Work task: Reproduce the whole listing exactly and let no picture into the copy.

Given data:
□ □ □ □

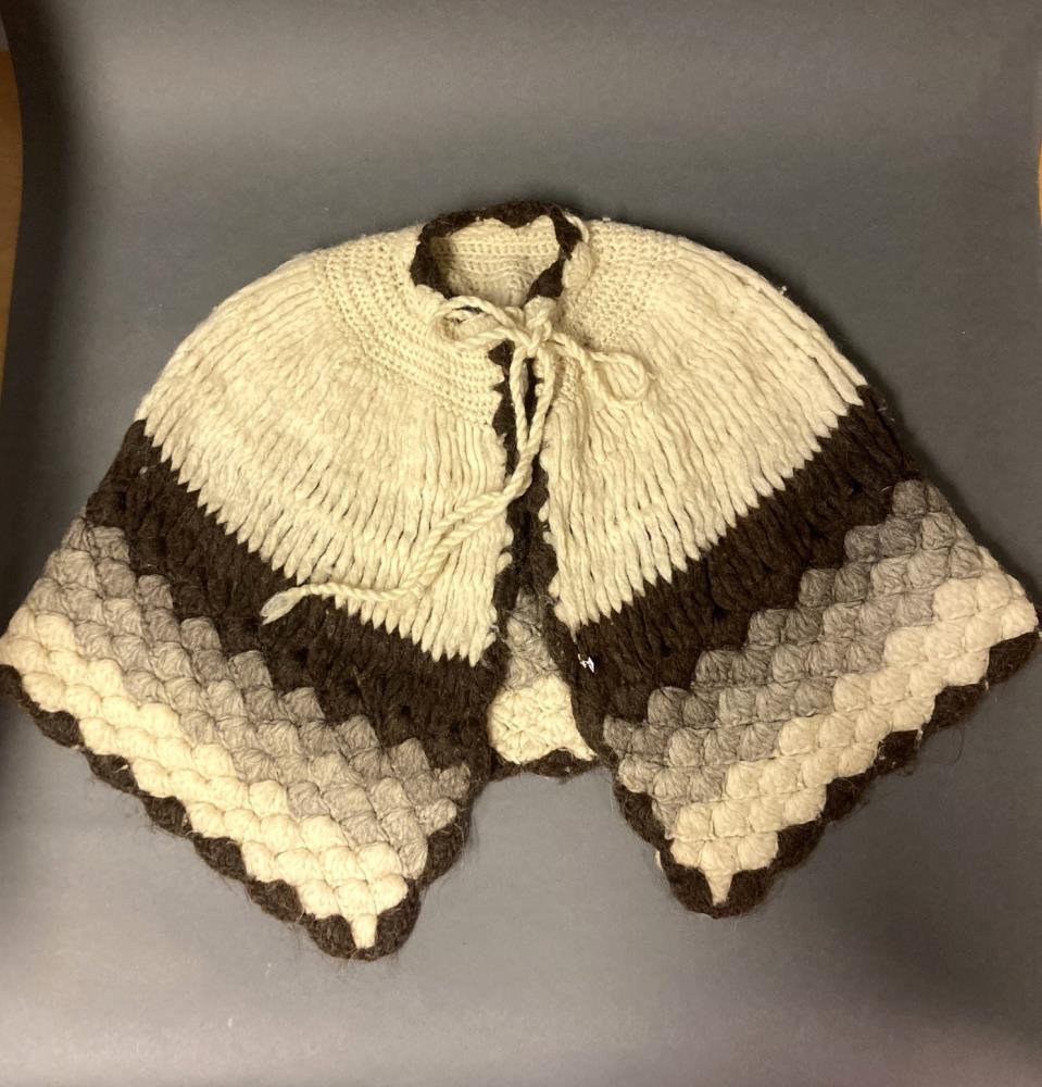 Herðaslá, hekluð úr lopa (sauðalitir). Úr dánarbúi Hólssystra í Efri-Ey í Meðallandi, Guðrúnar og Þorgerðar Bjarnadætra. Afhent af Guðmundi Óla Sigurgeirssyni kennara á Kirkjubæjarklaustri:
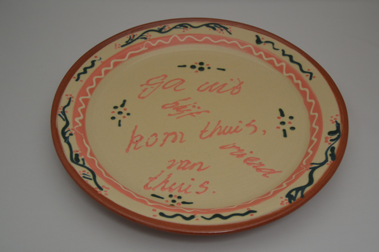 Aardewerk Steengoed Gestookt Keramiek Gebruiksgoed Borden Schaal Sierbord Sierborden Engobe Engobes Kleislib Glazuur Ringeloor Bruin Terra Terracotta Wit Roze Rood Blauw Groen Tekst Letters Opdracht
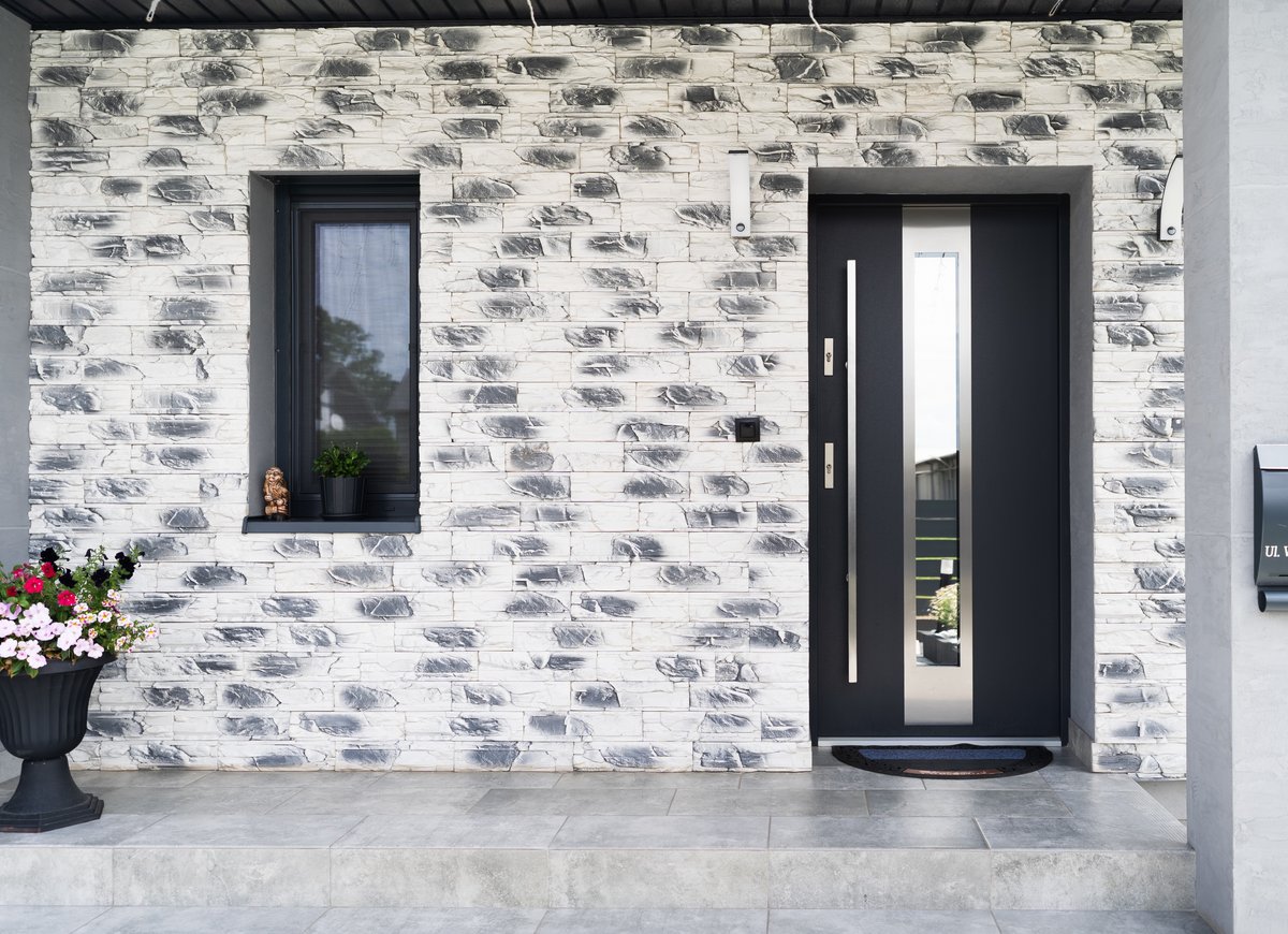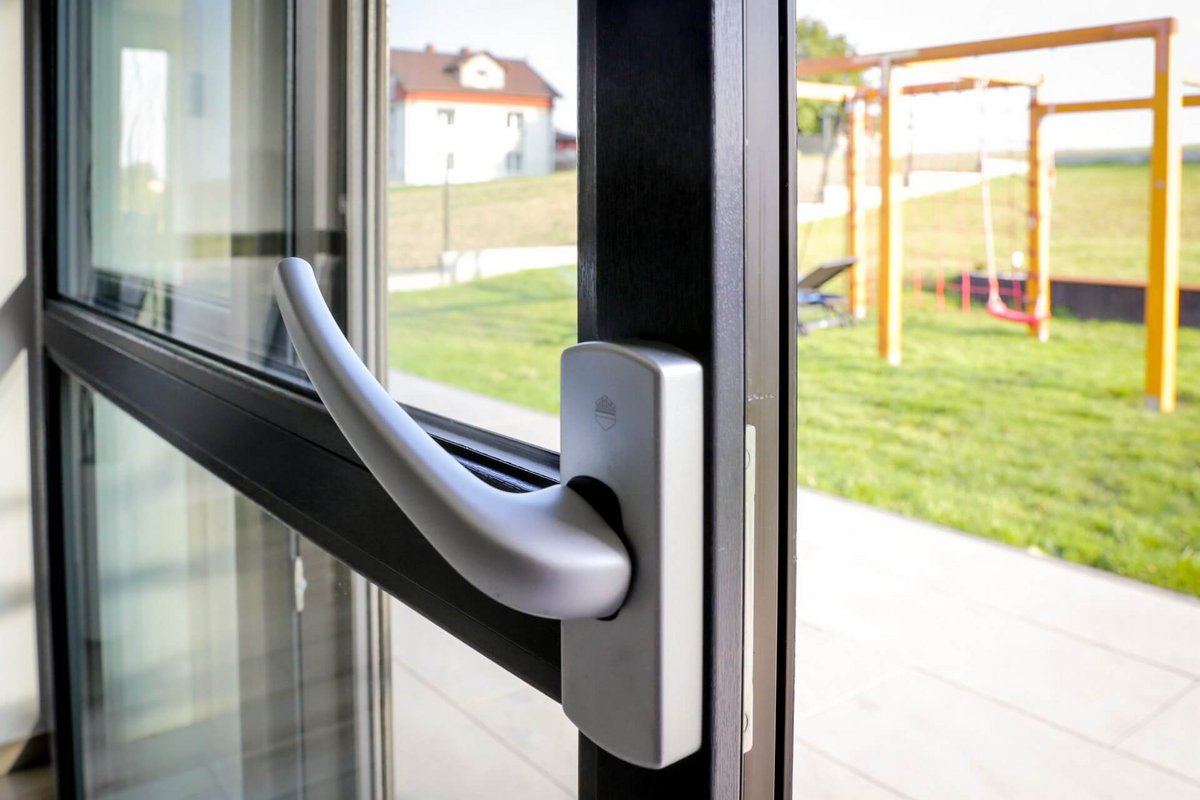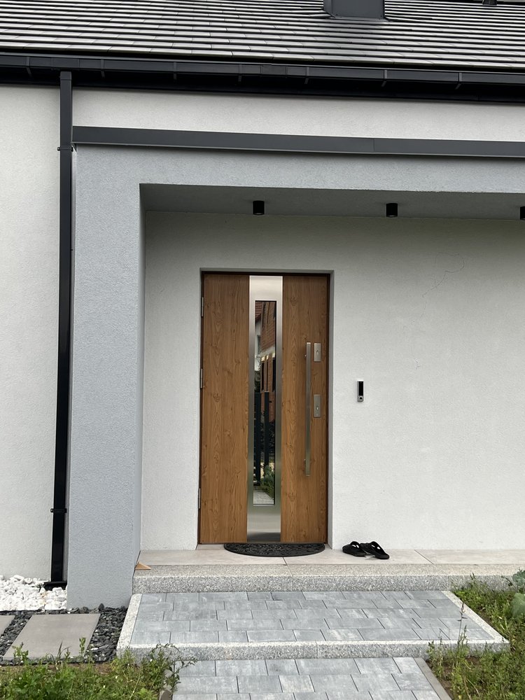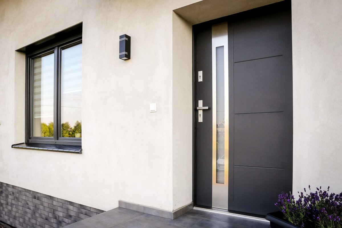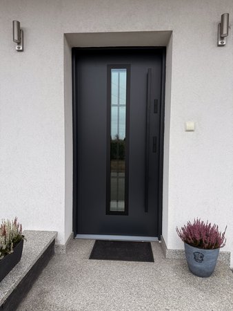 Montaż okien i drzwi zewnętrznych. Okna Drutex, profil IGLO 5 Classic, kolor: antracyt Drzwi KMT, model: 11s3, kolor: antracyt z dodatkami w kolorze inox

□ □ □ □

Solution:
 Herðaslá, hekluð úr lopa (sauðalitir). Úr dánarbúi Hólssystra í Efri-Ey í Meðallandi, Guðrúnar og Þorgerðar Bjarnadætra. Afhent af Guðmundi Óla Sigurgeirssyni kennara á Kirkjubæjarklaustri:
 Aardewerk Steengoed Gestookt Keramiek Gebruiksgoed Borden Schaal Sierbord Sierborden Engobe Engobes Kleislib Glazuur Ringeloor Bruin Terra Terracotta Wit Roze Rood Blauw Groen Tekst Letters Opdracht
 Montaż okien i drzwi zewnętrznych. Okna Drutex, profil IGLO 5 Classic, kolor: antracyt Drzwi KMT, model: 11s3, kolor: antracyt z dodatkami w kolorze inox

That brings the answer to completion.